As discussed in the previous chapter, we use Postscreen to spare our MTA from reading and analyzing the 90% of mails which are easely identified as spam by its IP address.
But from the remaining 10% legitimate delivery attempts we receive, around 85% are coming from the worlds largest mail providers. These providers usually keep their services very tight and clean of spam. But also blocking them in any way, leads instantly to severe problems with your mail users.
Wouldn’t it be nice to have a way of skipping all the greylisting, DNS-RBL-cheking and other network and sanity checking?
Since (with the execption of Yahoo!) the outbound IP addresses of these providers MTA’s are found in their SPF records, one can build a up-to-date whitelist of their IP addresses by fetching and analyzing their SPF records.
Install SPF-Tools
SPF-Tools is a collection of shell scripts for taming the SPF (Sender Policy Framework) records in order to fight 10-maximum-DNS-look-ups limit.
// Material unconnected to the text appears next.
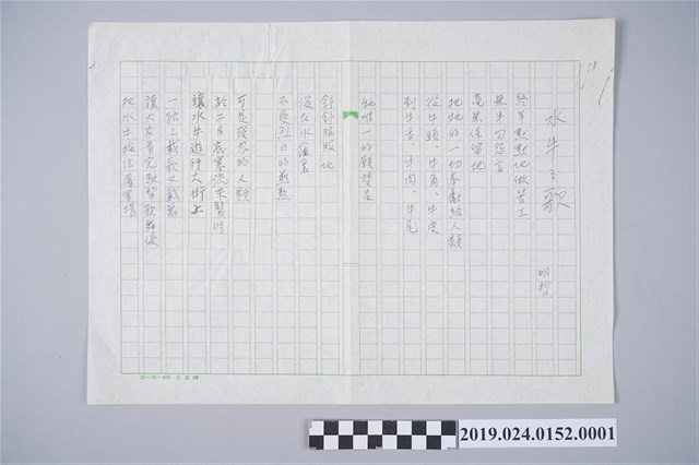 2019.024.0152.0001 柯旗化詩作〈水牛之歌〉手稿

Postwhite relies on the SPF-Tools for the heavy lifting of gathering the IP addresses.
$ cd /usr/local/bin
$ sudo git checkout -b mkearey/255_characters \
https://github.com/spf-tools/spf-tools.git
Install Postwhite
$ cd /usr/local/bin
$ sudo git checkout https://github.com/stevejenkins/postwhite.git
Postwhite Setup & Configuration
$ sudo mkdir -p /etc/postwhite
$ sudo cp /usr/local/bin/postwhite/postwhite.conf /etc/postwhite
# CONFIGURATION OPTIONS FOR POSTWHITE
# https://github.com/stevejenkins/postwhite
# POSTWHITE WILL LOOK FOR THIS FILE IN /etc/postwhite.conf
# FILE PATHS
spftoolspath=/usr/local/bin/spf-tools
postfixpath=/etc/postfix
postfixbinarypath=/usr/sbin
whitelist=postscreen_spf_whitelist.cidr
blacklist=postscreen_spf_blacklist.cidr
yahoo_static_hosts=/etc/postwhite/yahoo_static_hosts.txt
# CUSTOM HOSTS
# Enter custom hosts separated by a space, ex: "example.com example2.com example3.com"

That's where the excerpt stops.